ABOUT THIS TASK:
Without including any pictures, copy every line below exactly.

RECORDS SHOWN:
▬▬▬▬▬▬

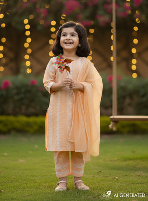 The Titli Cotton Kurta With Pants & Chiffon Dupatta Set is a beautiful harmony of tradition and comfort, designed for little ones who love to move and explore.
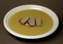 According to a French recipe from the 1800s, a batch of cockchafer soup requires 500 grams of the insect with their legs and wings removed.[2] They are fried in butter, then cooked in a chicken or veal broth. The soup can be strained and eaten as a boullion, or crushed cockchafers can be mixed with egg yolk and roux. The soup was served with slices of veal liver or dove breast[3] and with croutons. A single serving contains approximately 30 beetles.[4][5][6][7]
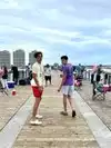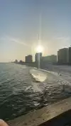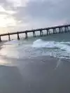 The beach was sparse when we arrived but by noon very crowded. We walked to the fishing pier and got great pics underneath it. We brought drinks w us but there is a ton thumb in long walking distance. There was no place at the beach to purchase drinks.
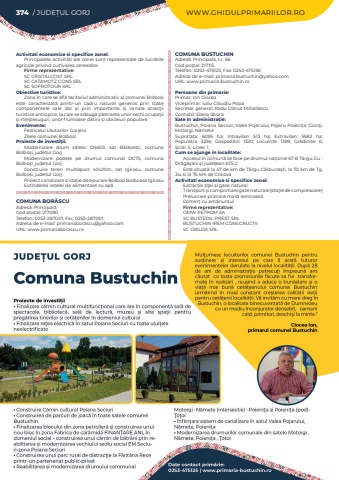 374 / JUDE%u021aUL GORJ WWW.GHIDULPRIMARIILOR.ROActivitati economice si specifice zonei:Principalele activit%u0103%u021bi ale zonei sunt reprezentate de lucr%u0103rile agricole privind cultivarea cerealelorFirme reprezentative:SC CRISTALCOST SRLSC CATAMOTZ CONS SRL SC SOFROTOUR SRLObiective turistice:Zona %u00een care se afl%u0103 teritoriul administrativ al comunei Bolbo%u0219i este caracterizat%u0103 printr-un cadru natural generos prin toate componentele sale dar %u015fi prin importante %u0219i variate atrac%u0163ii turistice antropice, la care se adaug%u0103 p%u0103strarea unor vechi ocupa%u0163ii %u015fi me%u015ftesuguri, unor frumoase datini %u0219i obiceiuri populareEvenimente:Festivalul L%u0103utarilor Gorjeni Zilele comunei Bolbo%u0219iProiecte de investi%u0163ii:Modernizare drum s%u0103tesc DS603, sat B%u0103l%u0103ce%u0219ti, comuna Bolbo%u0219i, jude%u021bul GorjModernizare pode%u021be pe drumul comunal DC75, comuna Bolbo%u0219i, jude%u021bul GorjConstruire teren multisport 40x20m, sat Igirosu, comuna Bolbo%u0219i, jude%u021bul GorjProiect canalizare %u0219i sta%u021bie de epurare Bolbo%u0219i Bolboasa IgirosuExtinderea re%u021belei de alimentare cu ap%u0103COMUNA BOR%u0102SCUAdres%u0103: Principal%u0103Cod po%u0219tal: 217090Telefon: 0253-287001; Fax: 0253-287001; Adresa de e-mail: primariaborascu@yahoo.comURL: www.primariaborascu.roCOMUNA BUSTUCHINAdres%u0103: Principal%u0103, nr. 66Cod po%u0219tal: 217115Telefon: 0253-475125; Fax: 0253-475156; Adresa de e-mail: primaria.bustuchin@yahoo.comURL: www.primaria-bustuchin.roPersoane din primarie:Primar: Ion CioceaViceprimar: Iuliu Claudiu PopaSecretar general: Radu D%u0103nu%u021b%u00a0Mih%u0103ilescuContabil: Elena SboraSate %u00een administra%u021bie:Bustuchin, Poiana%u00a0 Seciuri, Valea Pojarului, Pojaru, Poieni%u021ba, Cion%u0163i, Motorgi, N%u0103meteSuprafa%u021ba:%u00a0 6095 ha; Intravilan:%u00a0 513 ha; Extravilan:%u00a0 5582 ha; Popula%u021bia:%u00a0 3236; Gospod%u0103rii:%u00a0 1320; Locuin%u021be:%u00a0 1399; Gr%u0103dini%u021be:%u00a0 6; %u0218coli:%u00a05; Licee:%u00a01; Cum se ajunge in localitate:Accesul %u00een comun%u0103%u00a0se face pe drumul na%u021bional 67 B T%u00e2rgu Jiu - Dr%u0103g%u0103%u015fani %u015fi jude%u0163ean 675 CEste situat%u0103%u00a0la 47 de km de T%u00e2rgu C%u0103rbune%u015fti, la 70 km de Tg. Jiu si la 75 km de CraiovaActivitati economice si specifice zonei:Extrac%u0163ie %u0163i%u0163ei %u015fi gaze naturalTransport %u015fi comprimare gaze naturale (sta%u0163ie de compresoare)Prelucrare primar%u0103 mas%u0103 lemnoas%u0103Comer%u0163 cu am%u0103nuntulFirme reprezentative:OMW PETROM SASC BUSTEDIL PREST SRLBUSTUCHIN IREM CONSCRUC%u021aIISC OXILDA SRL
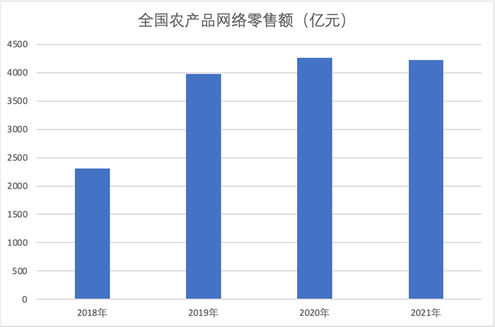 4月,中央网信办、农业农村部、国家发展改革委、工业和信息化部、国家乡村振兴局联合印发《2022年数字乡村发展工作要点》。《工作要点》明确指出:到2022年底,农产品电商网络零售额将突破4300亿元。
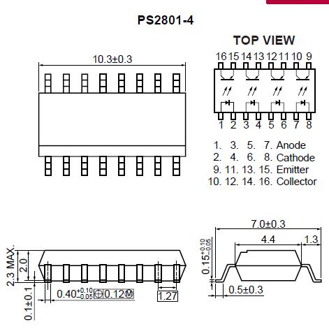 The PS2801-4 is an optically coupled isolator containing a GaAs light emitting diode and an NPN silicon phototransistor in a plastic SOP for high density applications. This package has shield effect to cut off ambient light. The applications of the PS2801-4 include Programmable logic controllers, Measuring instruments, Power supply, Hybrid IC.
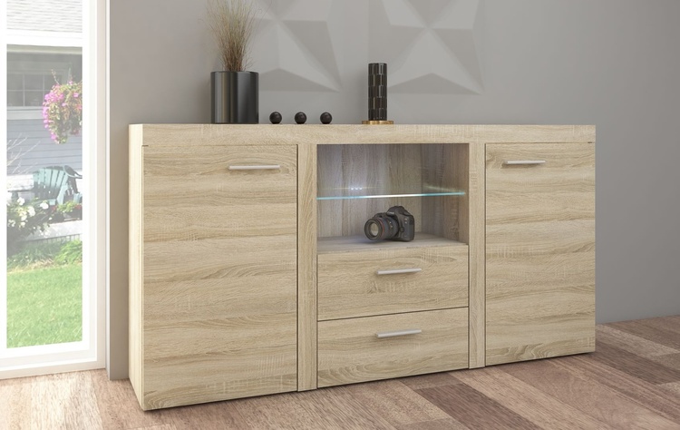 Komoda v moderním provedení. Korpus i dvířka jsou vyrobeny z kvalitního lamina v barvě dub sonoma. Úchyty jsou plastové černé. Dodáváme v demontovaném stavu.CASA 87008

▬▬▬▬▬▬

RESPONSE TO THIS TASK:
 The Titli Cotton Kurta With Pants & Chiffon Dupatta Set is a beautiful harmony of tradition and comfort, designed for little ones who love to move and explore.
 According to a French recipe from the 1800s, a batch of cockchafer soup requires 500 grams of the insect with their legs and wings removed.[2] They are fried in butter, then cooked in a chicken or veal broth. The soup can be strained and eaten as a boullion, or crushed cockchafers can be mixed with egg yolk and roux. The soup was served with slices of veal liver or dove breast[3] and with croutons. A single serving contains approximately 30 beetles.[4][5][6][7]
 The beach was sparse when we arrived but by noon very crowded. We walked to the fishing pier and got great pics underneath it. We brought drinks w us but there is a ton thumb in long walking distance. There was no place at the beach to purchase drinks.
 374 / JUDE%u021aUL GORJ WWW.GHIDULPRIMARIILOR.ROActivitati economice si specifice zonei:Principalele activit%u0103%u021bi ale zonei sunt reprezentate de lucr%u0103rile agricole privind cultivarea cerealelorFirme reprezentative:SC CRISTALCOST SRLSC CATAMOTZ CONS SRL SC SOFROTOUR SRLObiective turistice:Zona %u00een care se afl%u0103 teritoriul administrativ al comunei Bolbo%u0219i este caracterizat%u0103 printr-un cadru natural generos prin toate componentele sale dar %u015fi prin importante %u0219i variate atrac%u0163ii turistice antropice, la care se adaug%u0103 p%u0103strarea unor vechi ocupa%u0163ii %u015fi me%u015ftesuguri, unor frumoase datini %u0219i obiceiuri populareEvenimente:Festivalul L%u0103utarilor Gorjeni Zilele comunei Bolbo%u0219iProiecte de investi%u0163ii:Modernizare drum s%u0103tesc DS603, sat B%u0103l%u0103ce%u0219ti, comuna Bolbo%u0219i, jude%u021bul GorjModernizare pode%u021be pe drumul comunal DC75, comuna Bolbo%u0219i, jude%u021bul GorjConstruire teren multisport 40x20m, sat Igirosu, comuna Bolbo%u0219i, jude%u021bul GorjProiect canalizare %u0219i sta%u021bie de epurare Bolbo%u0219i Bolboasa IgirosuExtinderea re%u021belei de alimentare cu ap%u0103COMUNA BOR%u0102SCUAdres%u0103: Principal%u0103Cod po%u0219tal: 217090Telefon: 0253-287001; Fax: 0253-287001; Adresa de e-mail: primariaborascu@yahoo.comURL: www.primariaborascu.roCOMUNA BUSTUCHINAdres%u0103: Principal%u0103, nr. 66Cod po%u0219tal: 217115Telefon: 0253-475125; Fax: 0253-475156; Adresa de e-mail: primaria.bustuchin@yahoo.comURL: www.primaria-bustuchin.roPersoane din primarie:Primar: Ion CioceaViceprimar: Iuliu Claudiu PopaSecretar general: Radu D%u0103nu%u021b%u00a0Mih%u0103ilescuContabil: Elena SboraSate %u00een administra%u021bie:Bustuchin, Poiana%u00a0 Seciuri, Valea Pojarului, Pojaru, Poieni%u021ba, Cion%u0163i, Motorgi, N%u0103meteSuprafa%u021ba:%u00a0 6095 ha; Intravilan:%u00a0 513 ha; Extravilan:%u00a0 5582 ha; Popula%u021bia:%u00a0 3236; Gospod%u0103rii:%u00a0 1320; Locuin%u021be:%u00a0 1399; Gr%u0103dini%u021be:%u00a0 6; %u0218coli:%u00a05; Licee:%u00a01; Cum se ajunge in localitate:Accesul %u00een comun%u0103%u00a0se face pe drumul na%u021bional 67 B T%u00e2rgu Jiu - Dr%u0103g%u0103%u015fani %u015fi jude%u0163ean 675 CEste situat%u0103%u00a0la 47 de km de T%u00e2rgu C%u0103rbune%u015fti, la 70 km de Tg. Jiu si la 75 km de CraiovaActivitati economice si specifice zonei:Extrac%u0163ie %u0163i%u0163ei %u015fi gaze naturalTransport %u015fi comprimare gaze naturale (sta%u0163ie de compresoare)Prelucrare primar%u0103 mas%u0103 lemnoas%u0103Comer%u0163 cu am%u0103nuntulFirme reprezentative:OMW PETROM SASC BUSTEDIL PREST SRLBUSTUCHIN IREM CONSCRUC%u021aIISC OXILDA SRL
 4月,中央网信办、农业农村部、国家发展改革委、工业和信息化部、国家乡村振兴局联合印发《2022年数字乡村发展工作要点》。《工作要点》明确指出:到2022年底,农产品电商网络零售额将突破4300亿元。
 The PS2801-4 is an optically coupled isolator containing a GaAs light emitting diode and an NPN silicon phototransistor in a plastic SOP for high density applications. This package has shield effect to cut off ambient light. The applications of the PS2801-4 include Programmable logic controllers, Measuring instruments, Power supply, Hybrid IC.
 Komoda v moderním provedení. Korpus i dvířka jsou vyrobeny z kvalitního lamina v barvě dub sonoma. Úchyty jsou plastové černé. Dodáváme v demontovaném stavu.CASA 87008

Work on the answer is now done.